*Work to be completed*
Where the listing shows an image, skip it and output all other material unchanged.

*Data for the task*
━━━

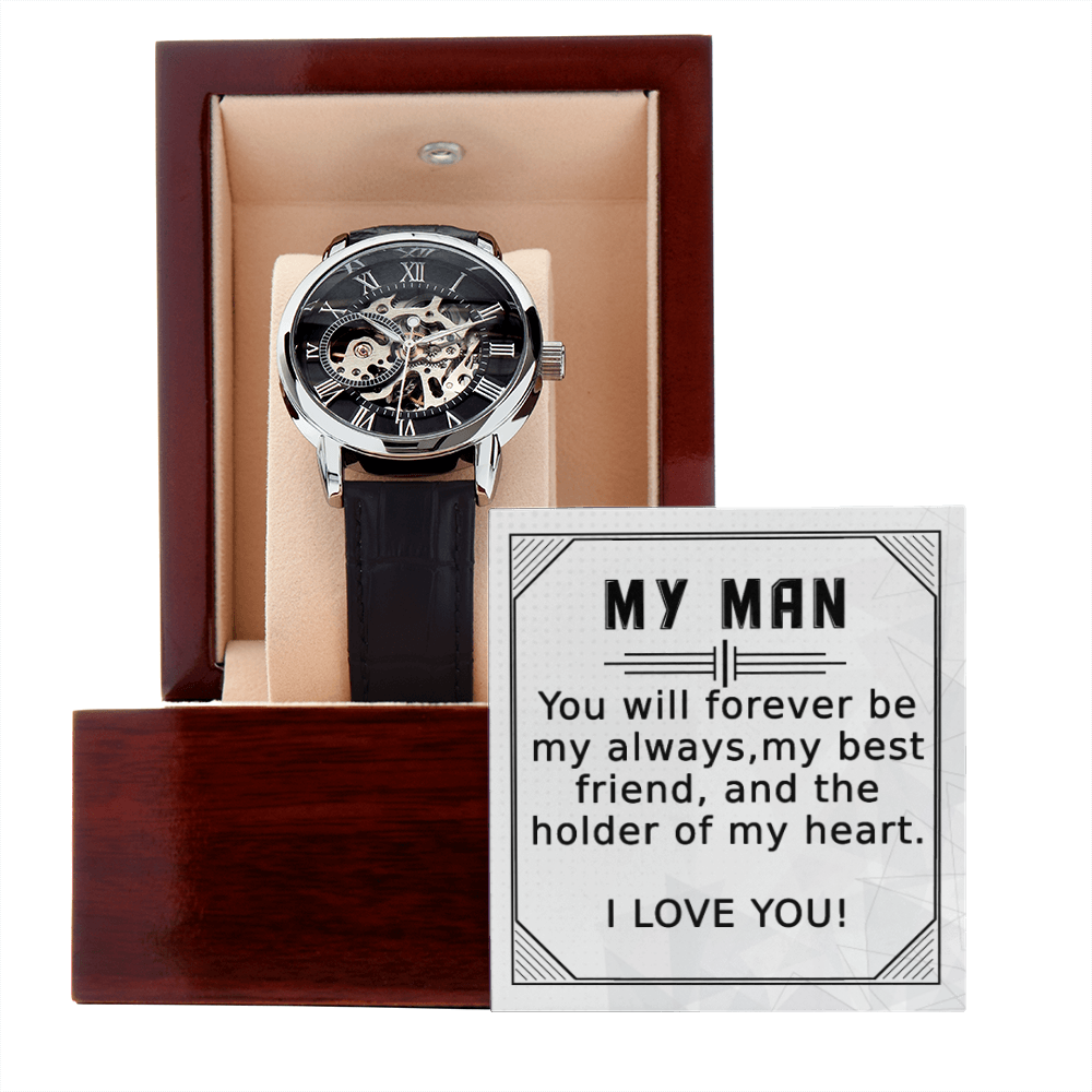 My Man, you will Forever be My Always - Men's Openwork Watch | Boyfriend Gift Birthday | Anniversary Gift Husband | Father's Day Gift from Wife | Unique Gift for Him | Wedding Gift | Watch Box for Him | Engagement Gift for Man | Classic Watch, hgs013
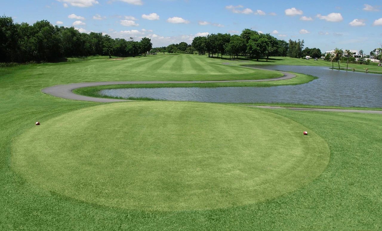 为后九个洞的陷阱留出足够的高尔夫球。第十八洞是这个高尔夫球场的瑰宝,无论从美丽程度还是难度上看都是如此。果岭四周环绕着水,在壮丽的景色中显得格外突出。在接近第二杆时要保持专注,因为这个绿岛周围的水障碍可能会吓到经验不足的高尔夫球手,并让专业高尔夫球手陷入其中。
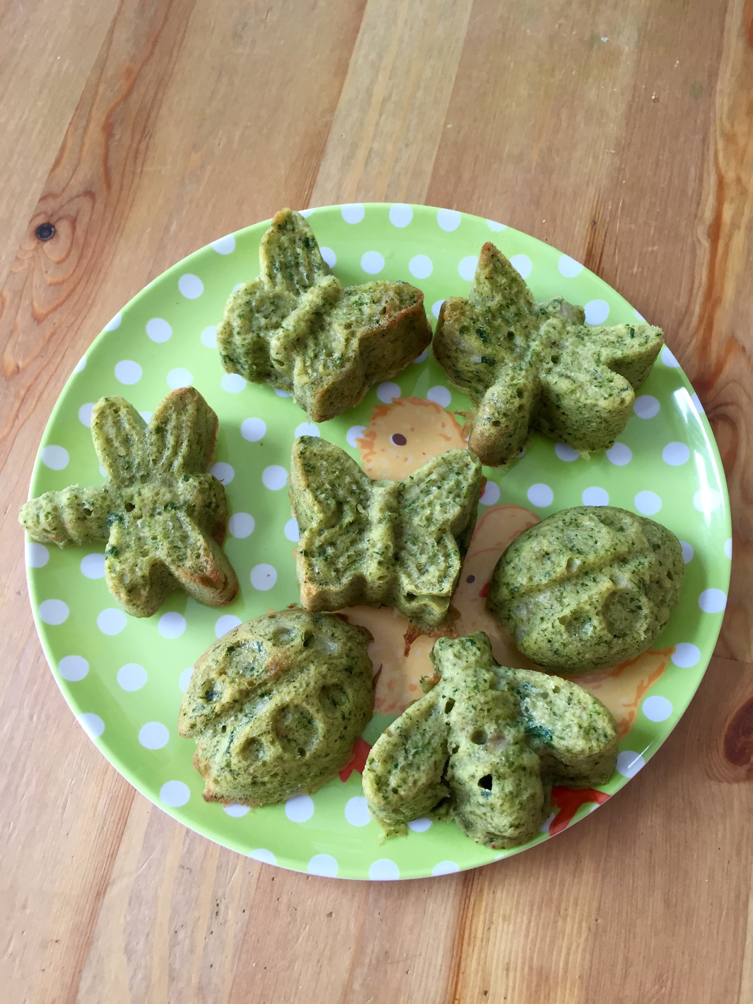 2 big cubes (about the size of a baby food jar) cooked, pureed vegetables (I usually make this recipe with green cubes, but you can also do it with sweet potato, carrots, cauliflower, or beets – though I will warn that while the beets turn the batter a delightful shade of hot pink, the baked muffins sadly don’t retain much of the pink color!)
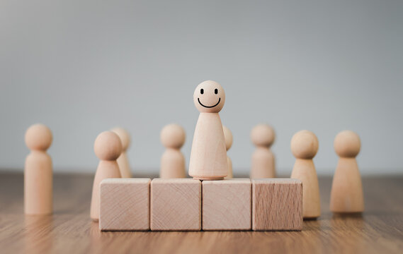 Hand placing a blue puzzle piece shaped like a person into a background of gray human figures, symbolizing individuality and teamwork in collaboration. Concept of unity and diversity.
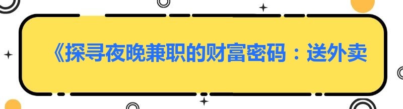 《探寻夜晚兼职的财富密码:送外卖与其他热门选择》
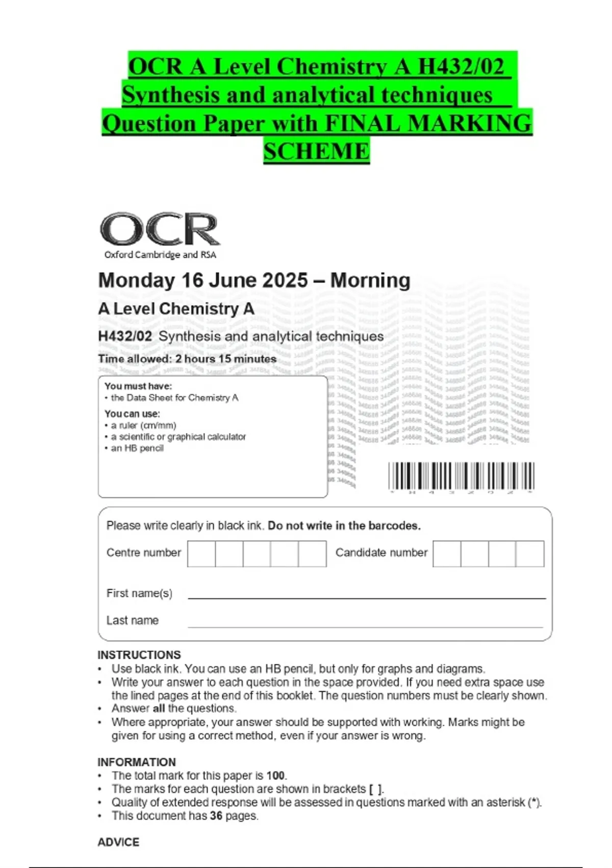 OCR A Level Chemistry A H432/02 Synthesis and analytical techniques Question Paper with FINAL MARKING SCHEME

━━━

*Response to the task*
 My Man, you will Forever be My Always - Men's Openwork Watch | Boyfriend Gift Birthday | Anniversary Gift Husband | Father's Day Gift from Wife | Unique Gift for Him | Wedding Gift | Watch Box for Him | Engagement Gift for Man | Classic Watch, hgs013
 为后九个洞的陷阱留出足够的高尔夫球。第十八洞是这个高尔夫球场的瑰宝,无论从美丽程度还是难度上看都是如此。果岭四周环绕着水,在壮丽的景色中显得格外突出。在接近第二杆时要保持专注,因为这个绿岛周围的水障碍可能会吓到经验不足的高尔夫球手,并让专业高尔夫球手陷入其中。
 2 big cubes (about the size of a baby food jar) cooked, pureed vegetables (I usually make this recipe with green cubes, but you can also do it with sweet potato, carrots, cauliflower, or beets – though I will warn that while the beets turn the batter a delightful shade of hot pink, the baked muffins sadly don’t retain much of the pink color!)
 Hand placing a blue puzzle piece shaped like a person into a background of gray human figures, symbolizing individuality and teamwork in collaboration. Concept of unity and diversity.
 《探寻夜晚兼职的财富密码:送外卖与其他热门选择》
 OCR A Level Chemistry A H432/02 Synthesis and analytical techniques Question Paper with FINAL MARKING SCHEME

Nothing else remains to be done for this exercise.